• Work item
Within the entries below, find the portion that opens with the line containing "Wienhausen: Sa., 17" and closes with the line containing "Jetzt den Träger". Retype that portion exactly and only.

• Data section
* * *

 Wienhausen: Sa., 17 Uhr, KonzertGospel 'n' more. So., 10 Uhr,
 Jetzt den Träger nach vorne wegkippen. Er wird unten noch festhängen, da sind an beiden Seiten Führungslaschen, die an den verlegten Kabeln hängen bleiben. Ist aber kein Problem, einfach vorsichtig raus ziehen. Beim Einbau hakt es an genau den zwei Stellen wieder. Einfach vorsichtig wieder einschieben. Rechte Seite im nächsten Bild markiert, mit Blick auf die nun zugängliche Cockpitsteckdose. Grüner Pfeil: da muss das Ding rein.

* * *

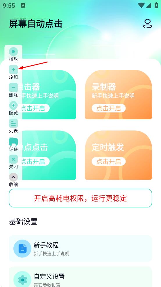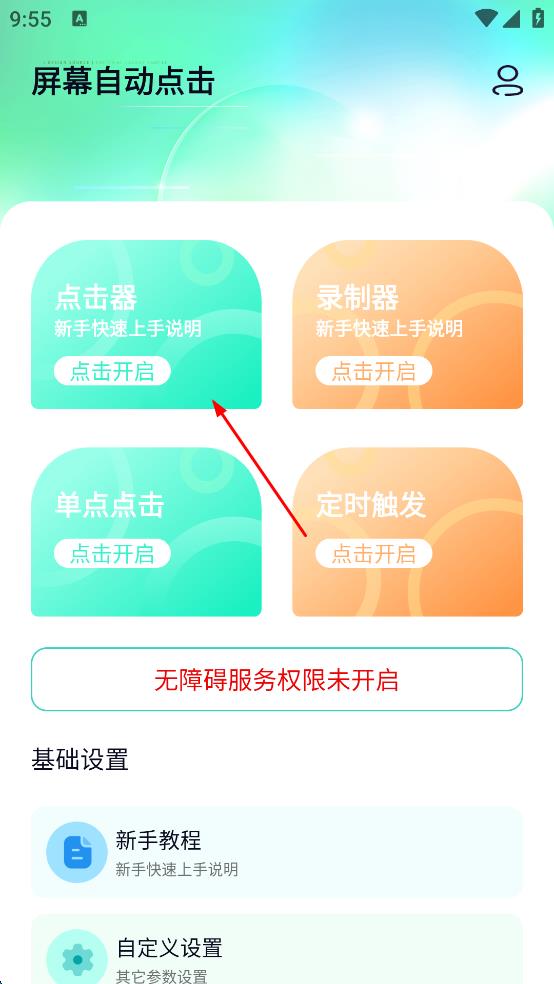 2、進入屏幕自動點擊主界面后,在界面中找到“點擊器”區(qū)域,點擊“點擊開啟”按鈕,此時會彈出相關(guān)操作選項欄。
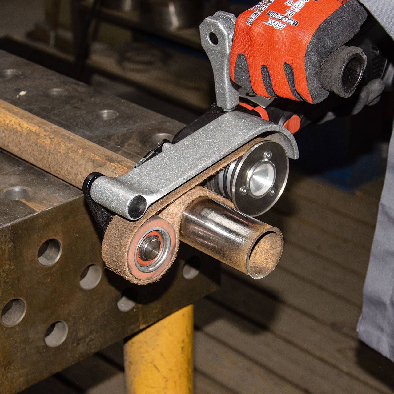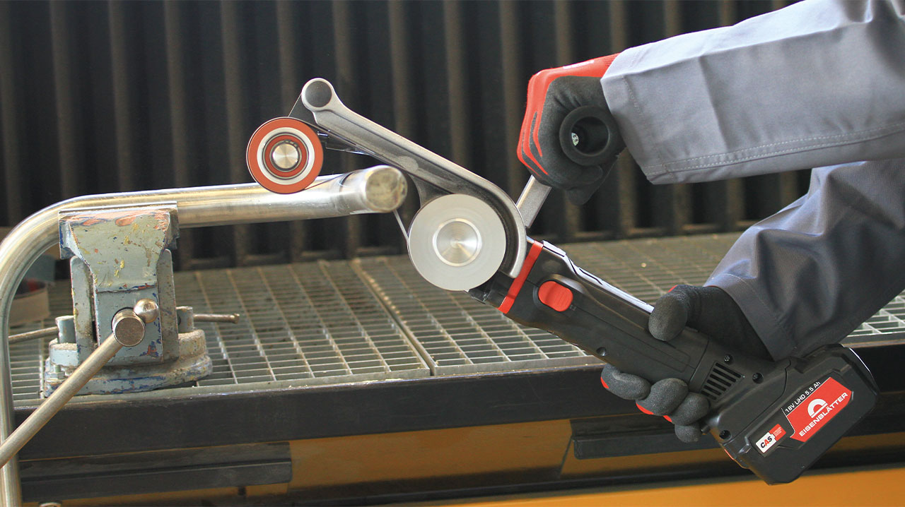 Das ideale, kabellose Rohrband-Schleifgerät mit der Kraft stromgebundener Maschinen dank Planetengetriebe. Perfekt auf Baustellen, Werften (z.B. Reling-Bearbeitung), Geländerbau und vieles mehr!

* * *

• Result of this exercise
 Wienhausen: Sa., 17 Uhr, KonzertGospel 'n' more. So., 10 Uhr,
 Jetzt den Träger nach vorne wegkippen. Er wird unten noch festhängen, da sind an beiden Seiten Führungslaschen, die an den verlegten Kabeln hängen bleiben. Ist aber kein Problem, einfach vorsichtig raus ziehen. Beim Einbau hakt es an genau den zwei Stellen wieder. Einfach vorsichtig wieder einschieben. Rechte Seite im nächsten Bild markiert, mit Blick auf die nun zugängliche Cockpitsteckdose. Grüner Pfeil: da muss das Ding rein.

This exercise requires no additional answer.